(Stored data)
--- --- ---
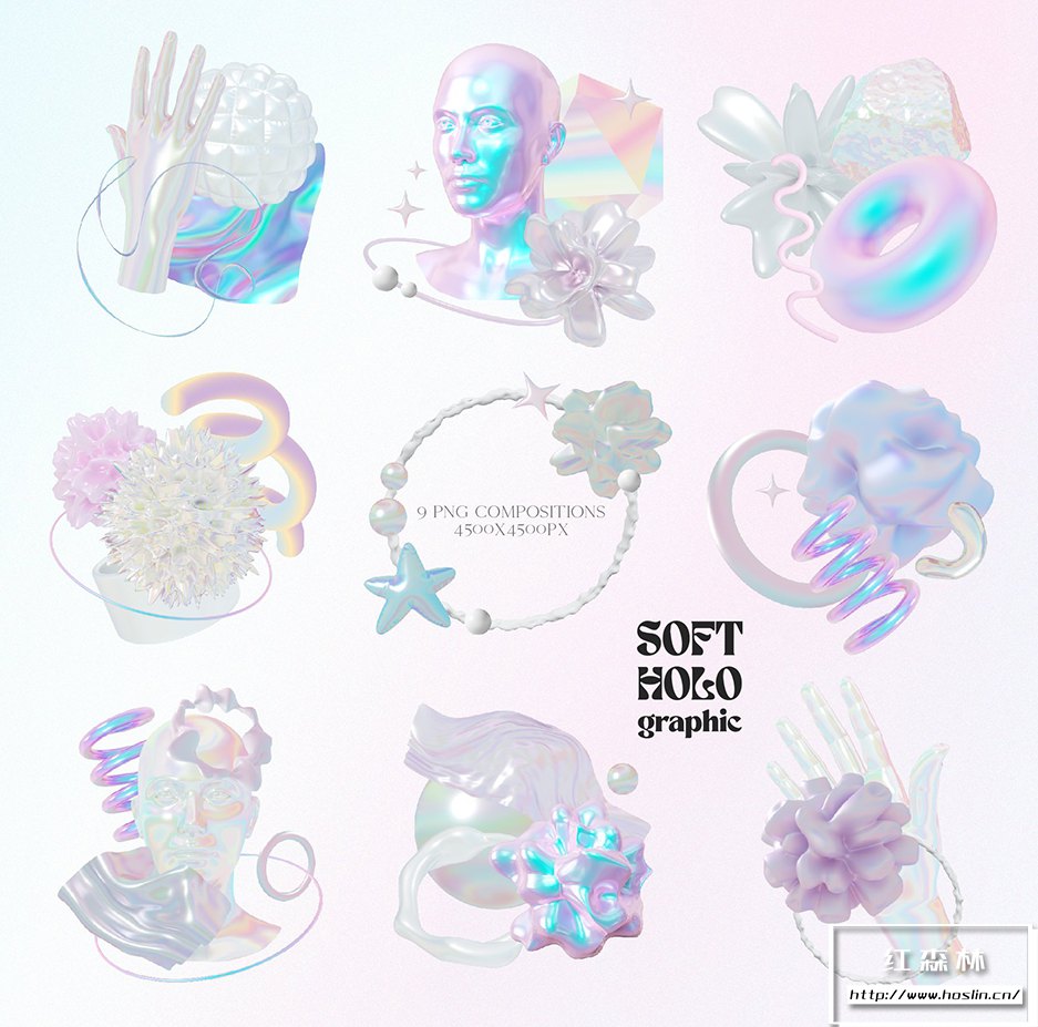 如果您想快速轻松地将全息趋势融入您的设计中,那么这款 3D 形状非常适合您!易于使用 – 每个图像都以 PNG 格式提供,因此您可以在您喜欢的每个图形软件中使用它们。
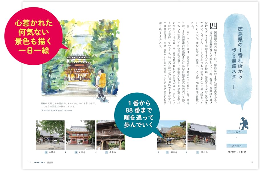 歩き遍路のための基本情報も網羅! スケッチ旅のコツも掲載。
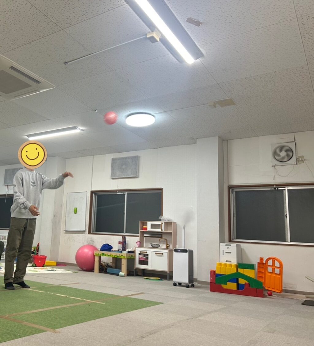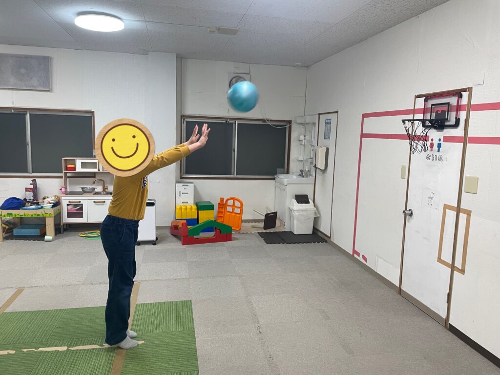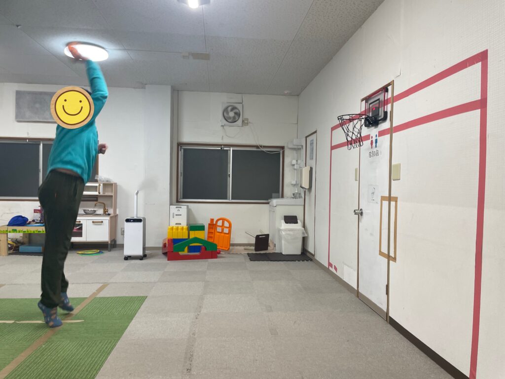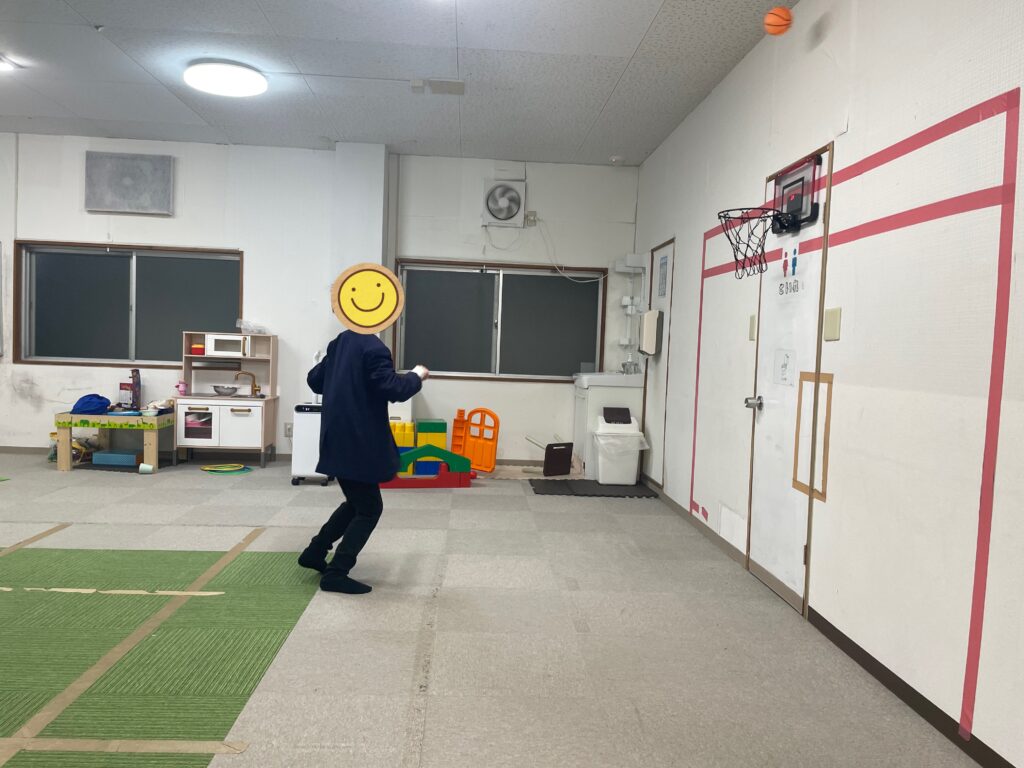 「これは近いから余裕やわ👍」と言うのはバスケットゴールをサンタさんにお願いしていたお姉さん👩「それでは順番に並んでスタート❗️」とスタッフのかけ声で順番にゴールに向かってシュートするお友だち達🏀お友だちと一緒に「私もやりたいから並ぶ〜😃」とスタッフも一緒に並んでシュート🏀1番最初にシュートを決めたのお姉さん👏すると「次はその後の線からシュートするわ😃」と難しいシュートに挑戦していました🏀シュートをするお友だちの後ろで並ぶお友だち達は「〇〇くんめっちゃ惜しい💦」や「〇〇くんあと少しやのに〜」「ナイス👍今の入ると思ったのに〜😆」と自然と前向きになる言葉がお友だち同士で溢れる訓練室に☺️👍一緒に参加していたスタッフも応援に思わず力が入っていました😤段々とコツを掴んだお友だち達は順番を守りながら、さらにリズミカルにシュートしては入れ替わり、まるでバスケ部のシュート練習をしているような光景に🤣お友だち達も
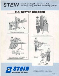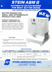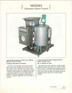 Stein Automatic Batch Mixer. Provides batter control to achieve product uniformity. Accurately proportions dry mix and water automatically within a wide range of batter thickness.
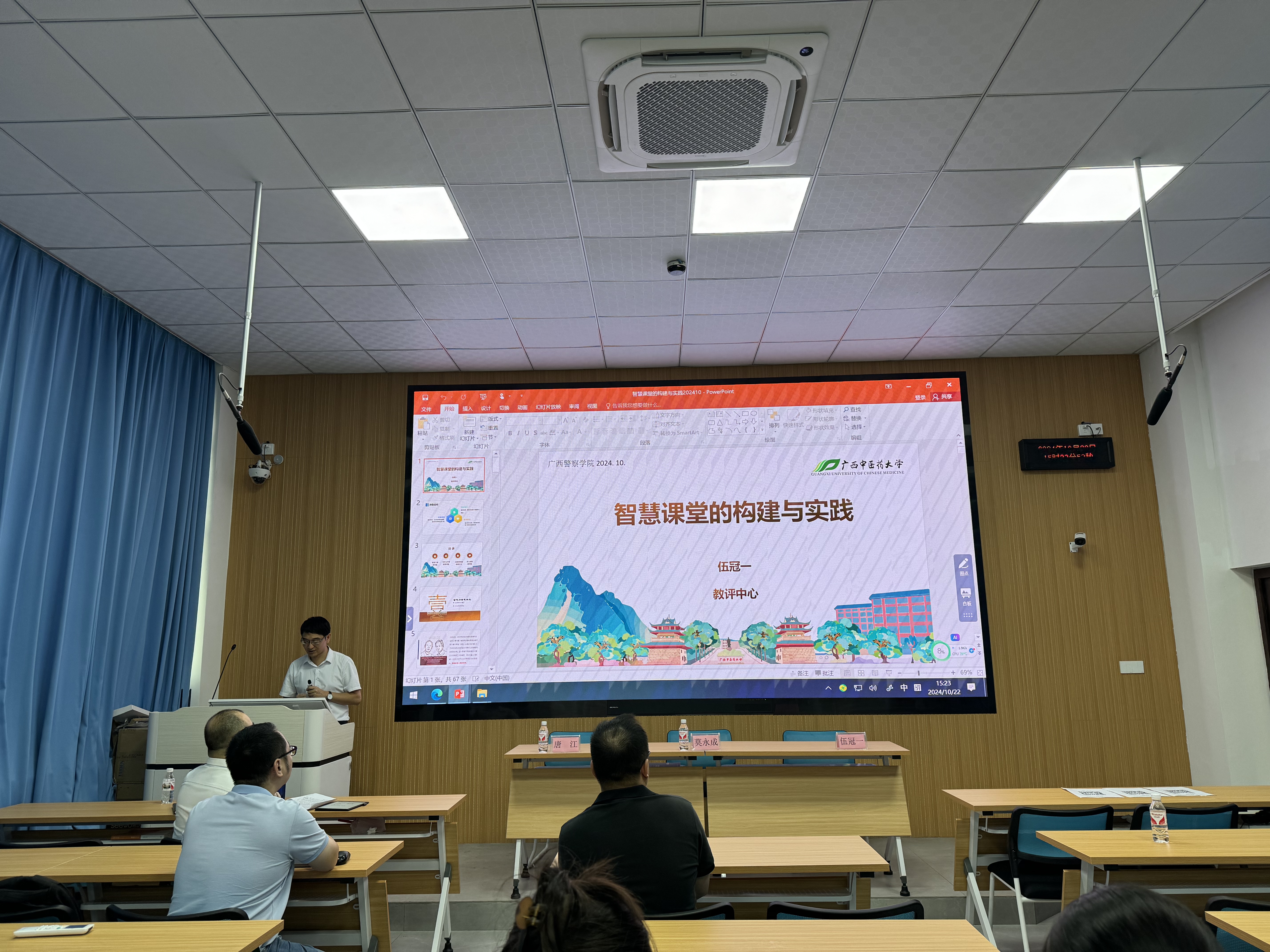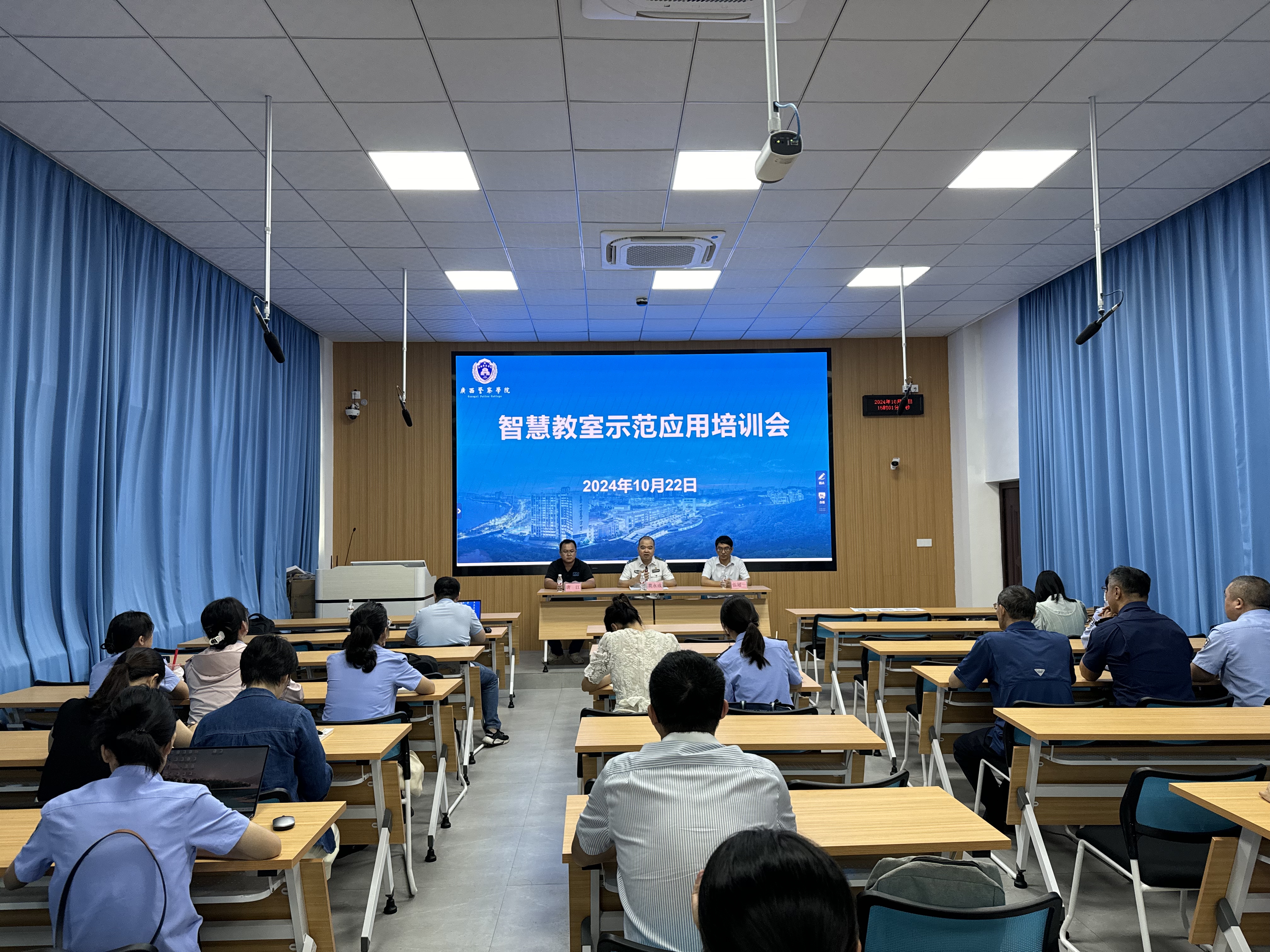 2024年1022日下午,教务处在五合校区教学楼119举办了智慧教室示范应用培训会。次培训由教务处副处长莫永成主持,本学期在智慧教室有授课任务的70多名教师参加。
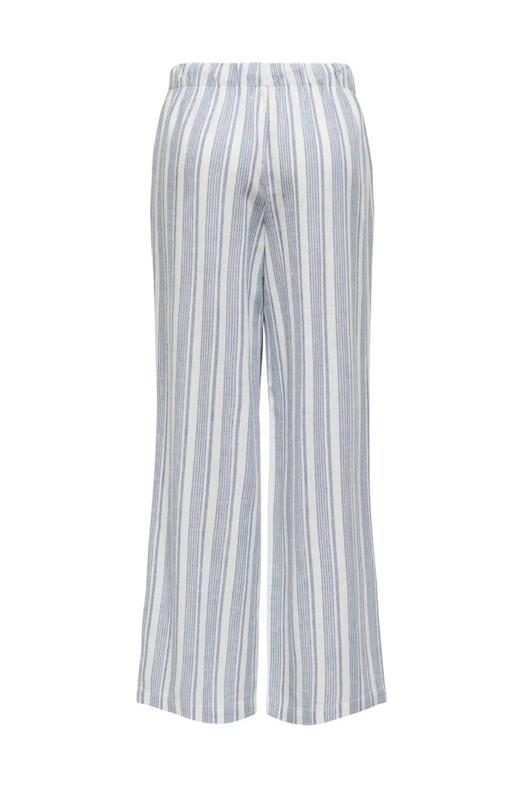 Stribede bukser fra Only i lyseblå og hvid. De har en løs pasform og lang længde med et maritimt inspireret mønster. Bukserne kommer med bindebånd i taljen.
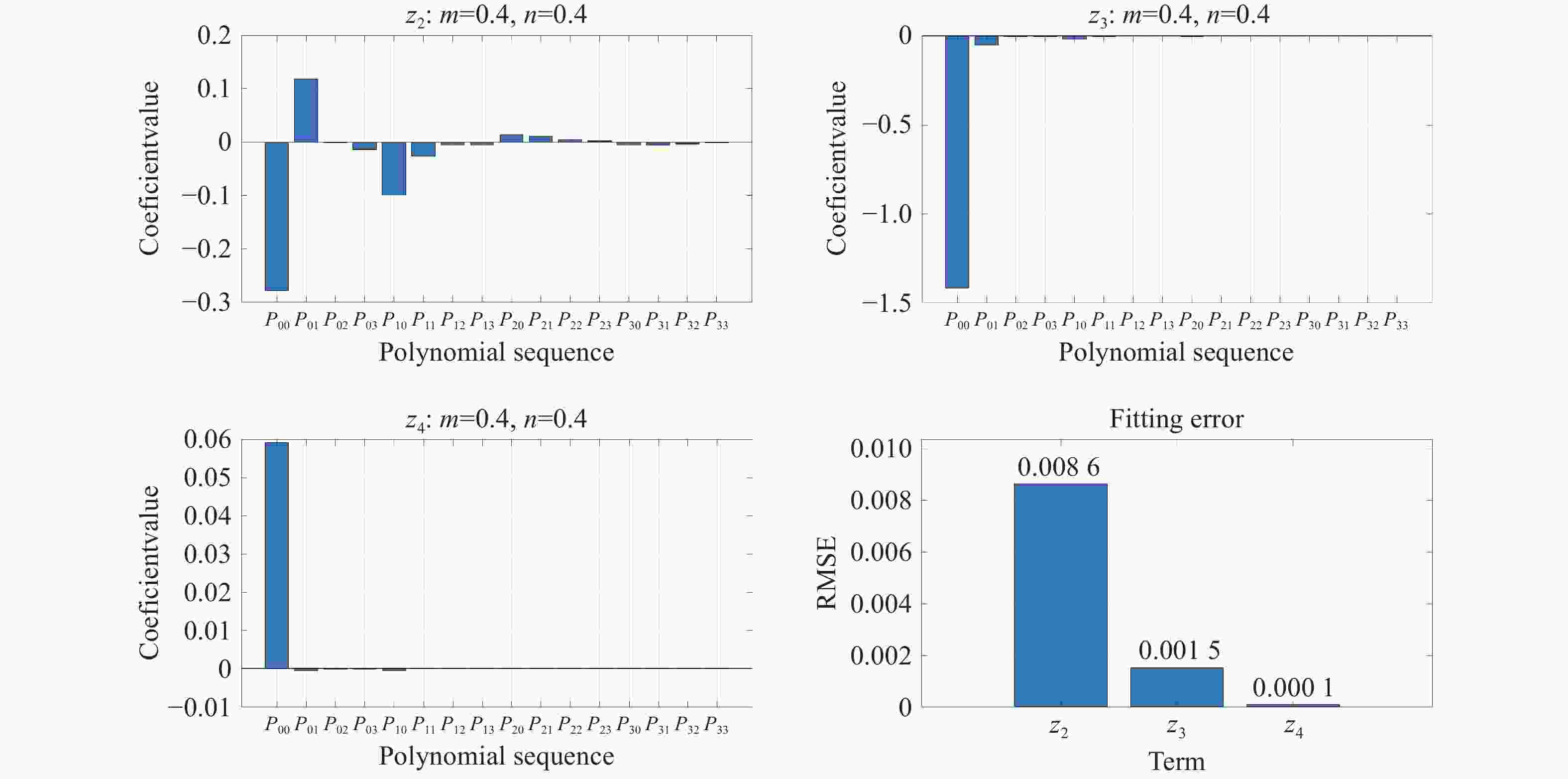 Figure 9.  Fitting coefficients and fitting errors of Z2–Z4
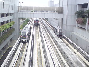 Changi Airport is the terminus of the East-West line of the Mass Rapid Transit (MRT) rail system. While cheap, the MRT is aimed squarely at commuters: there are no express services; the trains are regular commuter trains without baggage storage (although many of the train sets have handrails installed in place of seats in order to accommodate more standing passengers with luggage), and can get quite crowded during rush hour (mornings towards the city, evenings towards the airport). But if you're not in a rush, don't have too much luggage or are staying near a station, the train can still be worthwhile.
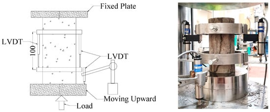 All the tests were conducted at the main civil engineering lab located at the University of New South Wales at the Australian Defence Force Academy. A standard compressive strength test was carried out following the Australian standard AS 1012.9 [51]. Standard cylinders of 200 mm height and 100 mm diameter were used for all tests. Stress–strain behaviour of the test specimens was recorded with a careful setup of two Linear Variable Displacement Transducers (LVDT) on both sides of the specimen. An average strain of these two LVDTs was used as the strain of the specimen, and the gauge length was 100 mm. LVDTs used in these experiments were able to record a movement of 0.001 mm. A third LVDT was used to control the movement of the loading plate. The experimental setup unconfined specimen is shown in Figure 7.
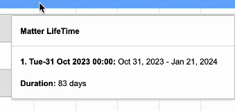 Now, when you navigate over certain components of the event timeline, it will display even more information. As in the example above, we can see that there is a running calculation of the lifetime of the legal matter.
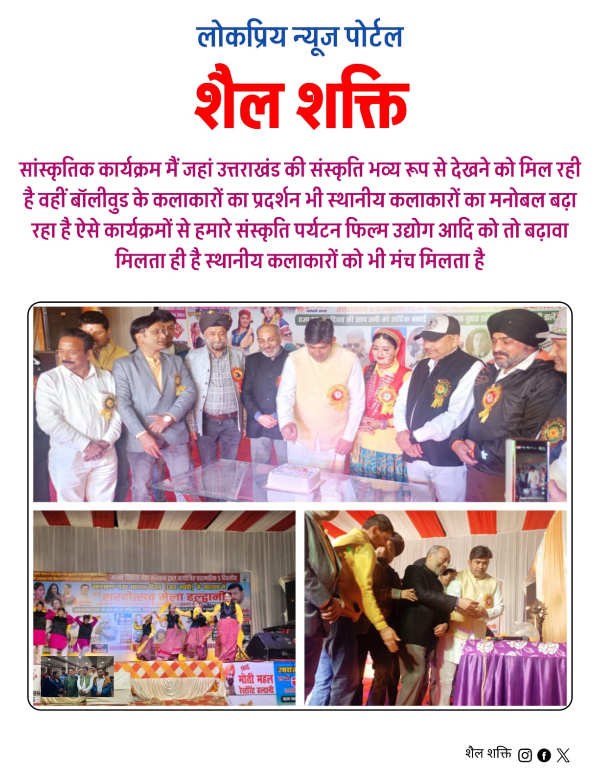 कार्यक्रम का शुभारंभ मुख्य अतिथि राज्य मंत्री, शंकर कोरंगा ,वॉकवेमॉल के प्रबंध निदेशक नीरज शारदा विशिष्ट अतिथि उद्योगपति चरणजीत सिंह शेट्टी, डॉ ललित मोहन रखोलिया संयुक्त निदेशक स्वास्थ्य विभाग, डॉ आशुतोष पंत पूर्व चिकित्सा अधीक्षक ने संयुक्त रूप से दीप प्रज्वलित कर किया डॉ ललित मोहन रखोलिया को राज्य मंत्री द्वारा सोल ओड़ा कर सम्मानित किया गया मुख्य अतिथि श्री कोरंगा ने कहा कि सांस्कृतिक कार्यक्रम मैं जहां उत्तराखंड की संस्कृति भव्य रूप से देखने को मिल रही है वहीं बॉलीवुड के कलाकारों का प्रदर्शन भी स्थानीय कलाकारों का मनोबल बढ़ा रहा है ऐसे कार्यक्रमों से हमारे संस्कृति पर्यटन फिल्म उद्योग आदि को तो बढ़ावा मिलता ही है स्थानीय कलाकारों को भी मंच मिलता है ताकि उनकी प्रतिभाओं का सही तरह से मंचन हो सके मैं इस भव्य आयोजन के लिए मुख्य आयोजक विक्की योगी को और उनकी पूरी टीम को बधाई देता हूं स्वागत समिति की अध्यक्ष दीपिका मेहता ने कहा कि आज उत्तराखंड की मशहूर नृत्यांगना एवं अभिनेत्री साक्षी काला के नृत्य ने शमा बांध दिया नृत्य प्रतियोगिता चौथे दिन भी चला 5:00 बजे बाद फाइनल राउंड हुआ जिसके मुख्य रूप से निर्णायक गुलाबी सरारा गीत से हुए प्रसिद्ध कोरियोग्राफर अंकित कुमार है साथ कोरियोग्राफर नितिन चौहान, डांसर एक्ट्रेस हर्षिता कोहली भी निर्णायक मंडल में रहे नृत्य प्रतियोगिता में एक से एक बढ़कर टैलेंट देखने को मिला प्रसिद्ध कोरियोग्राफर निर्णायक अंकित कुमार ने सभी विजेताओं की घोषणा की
--- --- ---
# INSTRUCTIONS TO FOLLOW
In the data above, take the line with "Figure 9.  Fitting coefficients", the line with "Changi Airport is", and every line between, and set them down exactly without pictures.

# ANSWER FOR THIS EXERCISE
 Figure 9.  Fitting coefficients and fitting errors of Z2–Z4
 Changi Airport is the terminus of the East-West line of the Mass Rapid Transit (MRT) rail system. While cheap, the MRT is aimed squarely at commuters: there are no express services; the trains are regular commuter trains without baggage storage (although many of the train sets have handrails installed in place of seats in order to accommodate more standing passengers with luggage), and can get quite crowded during rush hour (mornings towards the city, evenings towards the airport). But if you're not in a rush, don't have too much luggage or are staying near a station, the train can still be worthwhile.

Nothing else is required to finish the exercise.